Lt. Gen. Jack C. Stultz, Chief of the Army Reserve, told Stripes that he foresees mobilizing reservists once every five years even after the wars in Iraq and Afghanistan, as a recruiting tool. (Lisa Burgess / S&S)
ARLINGTON, Va. — Once the wars in Iraq and Afghanistan are over, Lt. Gen. Jack Stultz, chief of the Army Reserve, plans to keep reservists mobilized once every five years.
“I think that would be a great recruiting tool,” Stultz told Stars and Stripes in an Aug. 3 interview in his Pentagon office.
“What if I could tell you, as you’re coming out of high school, ‘Join the Army Reserve, and about every five years I’m going to send you somewhere in the world for a wonderful experience?’”
However, Stultz added, “Here’s where I’ll caveat that a little bit.”
Instead of having a “wonderful experience” in a combat zone such as Iraq for 12 months, he said, “it might be to Hungary. It might be to Korea. This is a security cooperation-type exercise,” not a war.
“Hopefully, it won’t be for 12 months,” Stultz said. “Maybe you’re going to be over there for six months, and then come back.”

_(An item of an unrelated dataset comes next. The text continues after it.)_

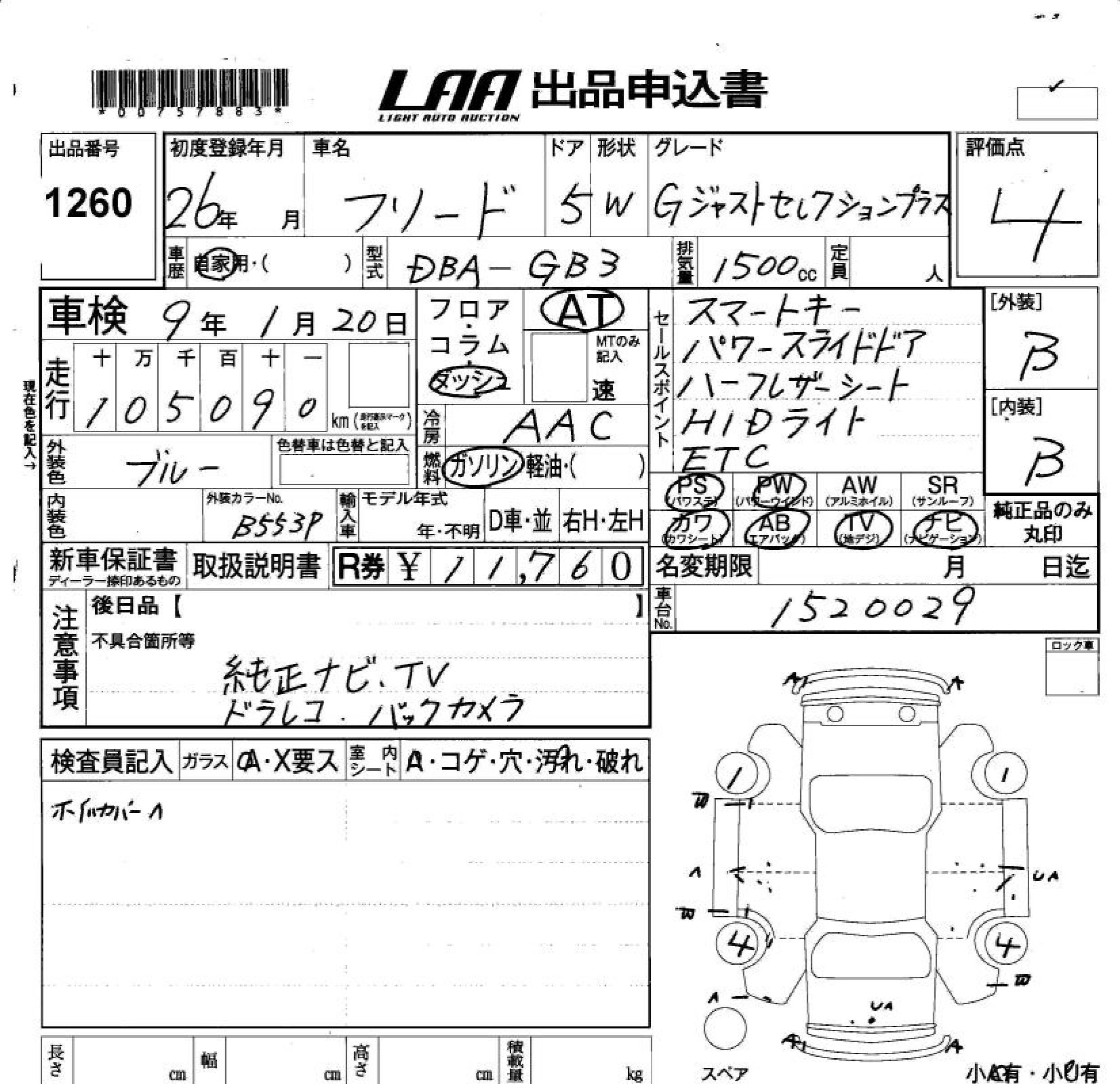 Статус выставлен на аукцион Лот 1260 Аукцион LAA Okayama Дата аукциона 20.03.2026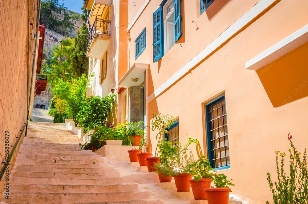 Fototapeta Traditional cozy greek street in city Nafplio, Greece

The five-year rotation cycle is part of the Army’s so-called “force generation model.” That is the plan Army leaders came up with to fit their vision of an Army that is moving back to the United States from Europe and South Korea and focusing on an “expeditionary” approach, with units more or less constantly deployed and exercising with allies around the globe.
To keep the Army Reserve ready and relevant, it’s important for the component’s soldiers to play a role in those exercises, Stultz said.
“Those soldiers … want to feel like they are utilizing those talents they’ve been trained for,” Stultz said. “I see great value in that.”
The rotation model also helps ensure that the Army spreads its resources more evenly and fairly than in the past, Stultz said.
He cited one of his mentors, Army Gen. David McKiernan, who was the 3rd U.S. Army/Combined Forces Land Component Commander in Iraq while Stultz was serving in Kuwait and Iraq during Operation Iraqi Freedom for 22 months between 2002 and 2004.
McKiernan, who is now commander of U.S. Army Europe, “uses the analogy of ducks and eagles,” Stultz said.
In the Army’s old concept of tiered readiness, Stultz said, “If you were the DRB (division ready brigade) for the 82nd [Airborne Division], you were an eagle. You got everything you needed.
“But there were a lot of ducks down here that were very low-resourced, low-priority units. And there were a lot of those units in the Army Reserve.”
In the Army’s force generation model, “everybody gets to be a duck, and everybody gets to be an eagle,” Stultz said.
“You start out as a duck, and you grow up to be an eagle.”